A Respiratory Therapist Can Help Your Preemie Baby

Respiratory Therapist Preemie Baby

A respiratory therapist (RT) is a healthcare professional who specializes in caring for individuals with lung and heart diseases. They work as part of a team along with doctors, nurses, and other healthcare professionals to provide care. You can recognize an RT by their role or title on their identification badge or by the different color of “scrubs” they usually wear to differentiate themselves from other groups of healthcare professionals in a facility.

Respiratory therapists perform their duties (see Table below) on the order of a physician, physician assistant (PA), or advanced practice registered nurse (APRN). Respiratory therapists may practice in a variety of settings such as doctor’s offices, clinics, or sleep labs but the majority of RTs work in hospitals. According to the National Board for Respiratory Care, there are approximately 200,000 respiratory therapists currently practicing in the United States.

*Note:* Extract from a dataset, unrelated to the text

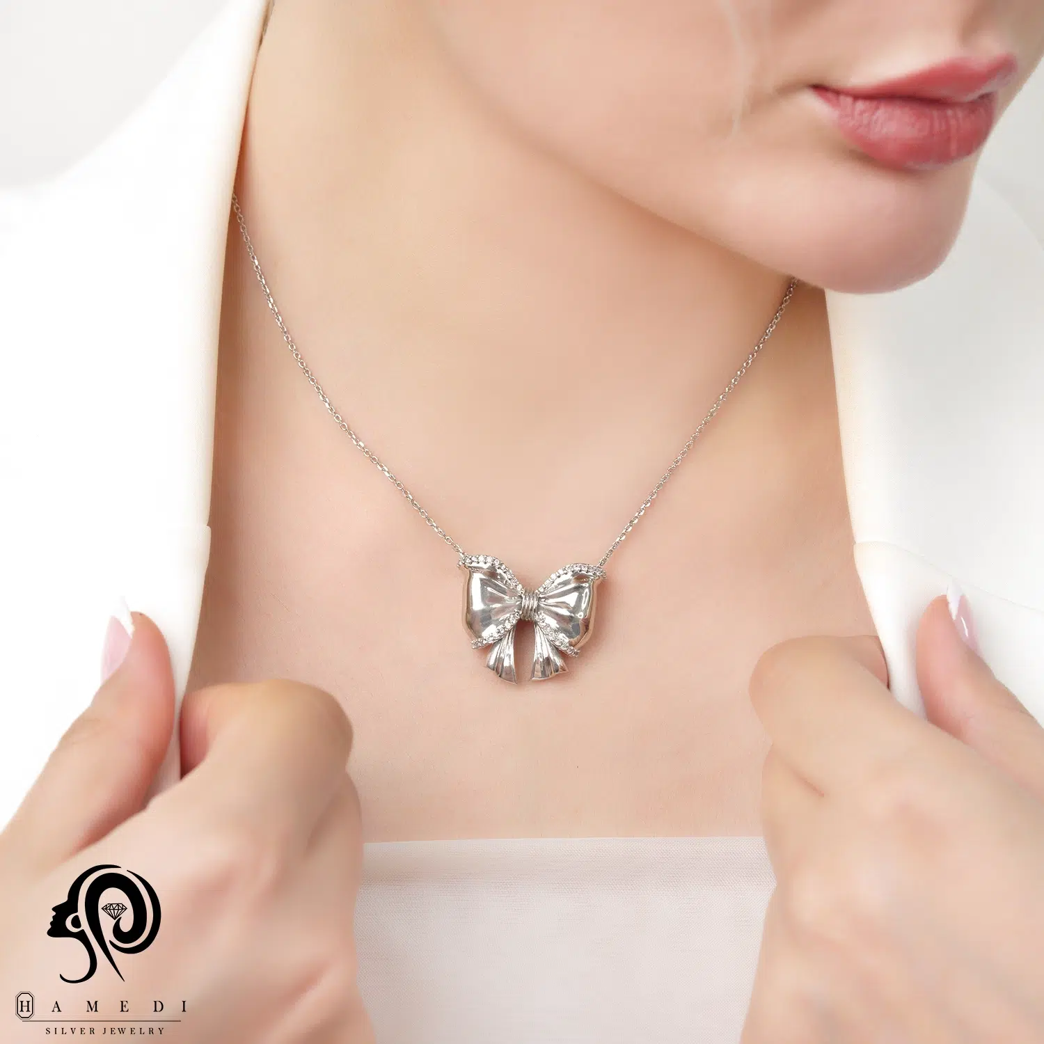 گردنبند نقره زنانه پاپیون نقره ای مدل KICR B1 به دلیل ظاهری زیبا و خاص، برای استفاده در مجموعه های مختلف از جمله مهمانی ها، مراسم عروسی، جشن تولد و حتی در روزهای عادی بسیار مناسب هستند.

Table. Common Responsibilities of a Respiratory Therapist Working in a Hospital

  • Evaluate a patient’s respiratory capability by listening to the heart and lungs using a stethoscope and by reviewing laboratory test results
  • Evaluate the appropriateness of prescribed respiratory treatments
  • Suction a patient’s respiratory secretions
  • Administer respiratory treatments such as nebulized medicine
  • Check and properly maintain respiratory equipment
  • Manage ventilator (breathing machine) settings
  • Respond to cardiac arrest events
  • Respond to neonatal resuscitations in the delivery room
  • Educate patients and families

To become a respiratory therapist, a person may either earn an associate’s degree (2 years) or a bachelor’s degree (4 years) from an accredited college. The course work includes many science classes such as biology, physiology, and anatomy. Graduates may first become certified respiratory therapists (CRT) by taking a written exam and then a registered respiratory therapist (RRT) by taking an additional practical exam that requires them to demonstrate skills in a simulated patient.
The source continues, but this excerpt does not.